When we say “racism,” often white people mean racial bias, or prejudice which I have considered and acted upon: mean things I as an individual either said, or did against people of color. That’s why we often think or say, “but I’m not a racist.” We’re thinking of ourselves as individual agents. This idea can be extended to groups: think of fraternities singing racially offensive songs, sororities throwing “black face” parties, or uncles telling ugly racist jokes. If we reject those activities, we think we are not racist.
But actually racial bias runs deeper than conscious choice. Figuring out if I am this kind of racist is pretty easy: spend a few minutes taking Harvard Project Implicit tests on line and they’ll reveal our biases. After doing this, spend some weeks noticing my interactions, my thoughts, when I meet people of different races and genders. What are my assumptions?
Thinking about racism as acts of race prejudice ignores the presence of power and privilege. Wonder if you have privilege because of your race, or want to understand it?
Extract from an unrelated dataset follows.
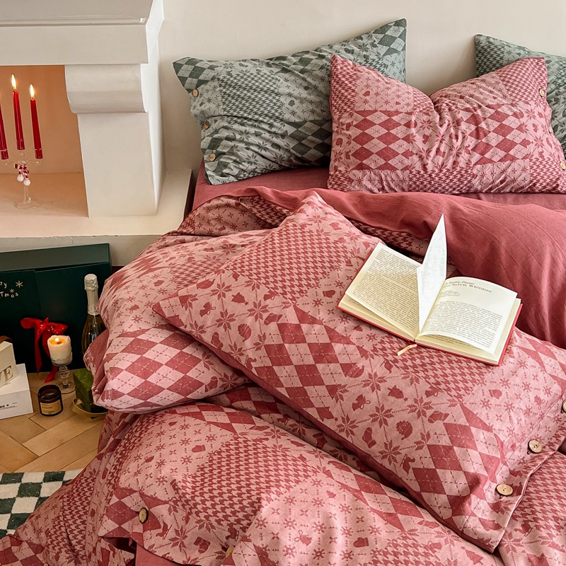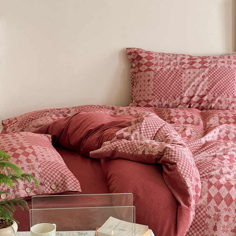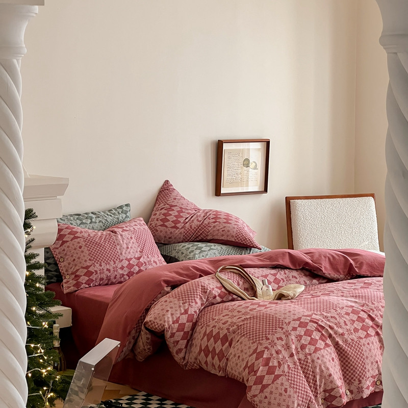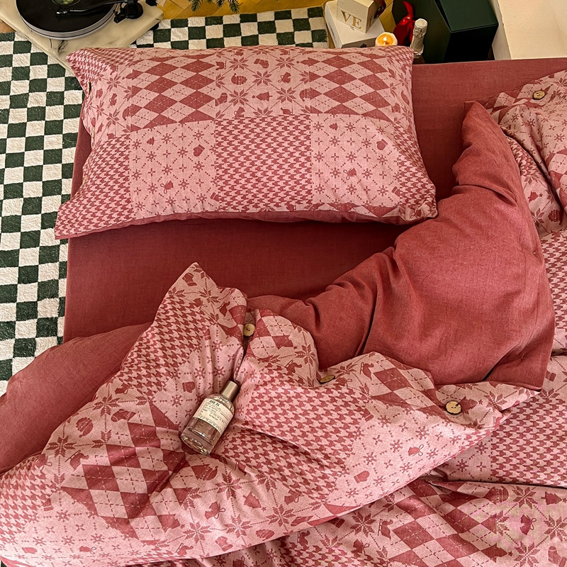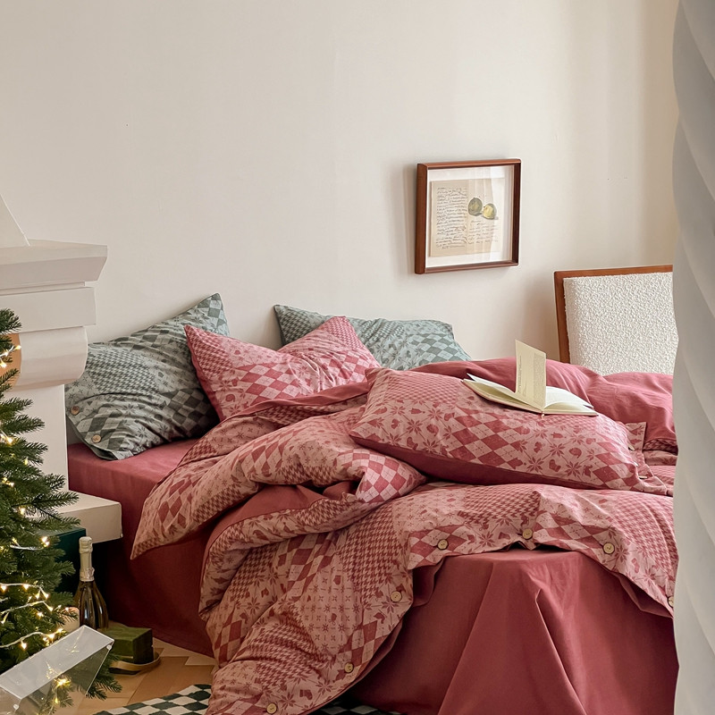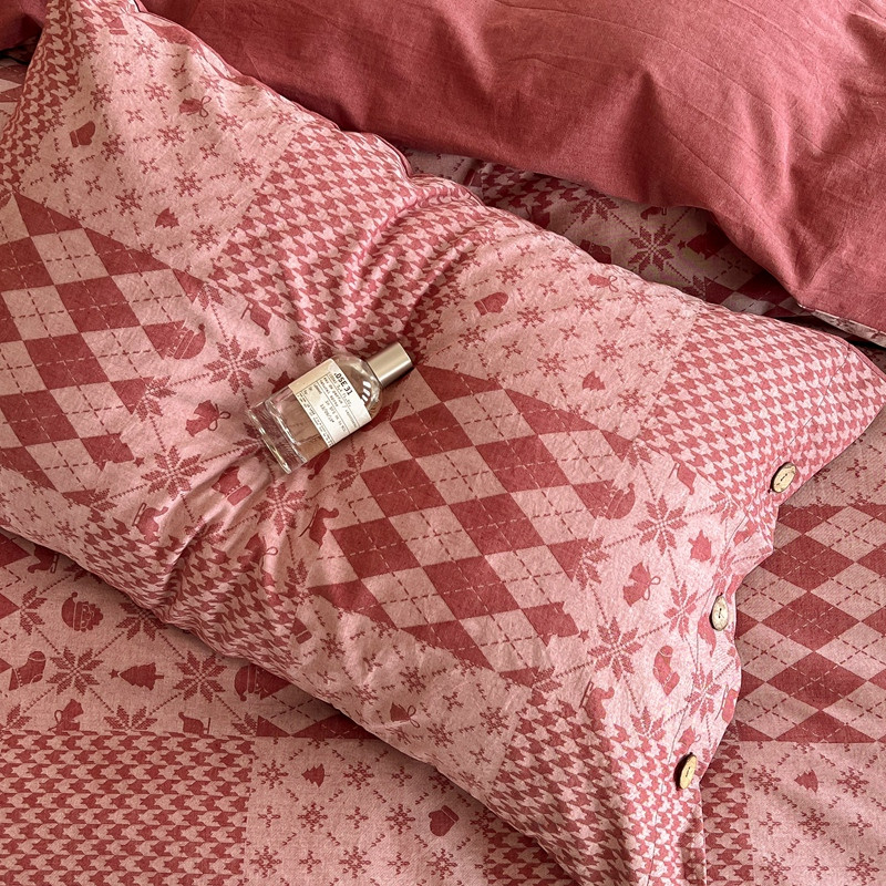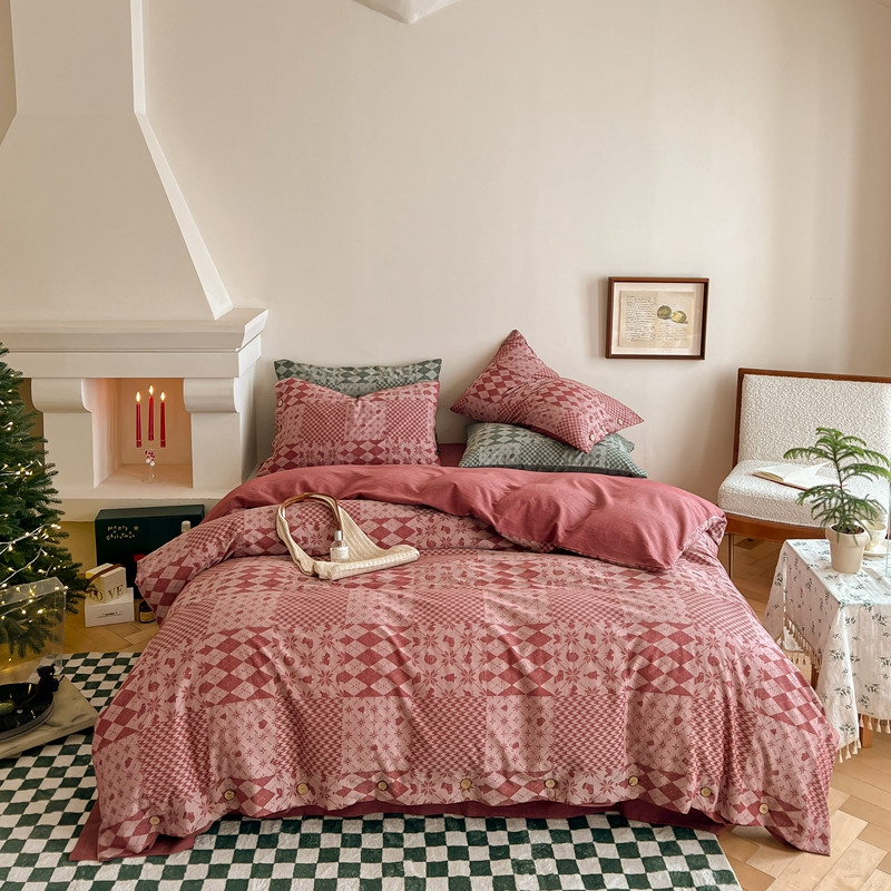 (总)华超针织 2021新款天竺棉千鸟格四件套,千鸟格豆沙,千鸟格海蓝,千鸟格姜黄,千鸟格墨绿,千鸟格藕色,千鸟格炭黑

Take Peggy McIntosh’s “White Privilege: Unpacking the Invisible Knapsack” or watch her TEDx talk “How studying privilege systems can strengthen compassion”. But racism operates not only on an individual level, it’s also external, and institutional.
When white people came to this country, many of our families were given land – land taken from Native Americans and Latinos. I went to high school in Texas and learned a historical narrative about the brave settlers (some of whom were my family members). In graduate school, I went across the border and visited a Mexican museum where I learned the other side of the story: about massacres, and systemic displacement. I looked at historical maps showing Mexican territory extending across most of modern Texas, the southwest and California (circa 1820-1840.) More than a century later, white veterans (yes, my uncles) got help with more education and a mortgage (through the G.I. bill), while Japanese Americans had their property systematically taken from them (look into Japanese internment). Sure, slavery is over, and the Chinese exclusion act overturned, but neither African Americans nor Chinese people received any financial or educational compensation for these systematic evils. These are only a few of the institutional and structural expressions of racism.
The systems which were historically created are now held together by simple structural arrangements like property taxes: our schools and their quality reflect the property values of our neighborhoods. Instead of slavery and Jim Crow laws, we now have the school-to-prison pipeline and mass incarceration.
So these days when I hear the word “racism” I translate “a system of racial inequity.” The clearest way to understand this is the spiral from World Trust “The system of racial inequity has internal and external components, as well as institutional and systematic. It’s held together by money and power and embedded in history, culture and identity.”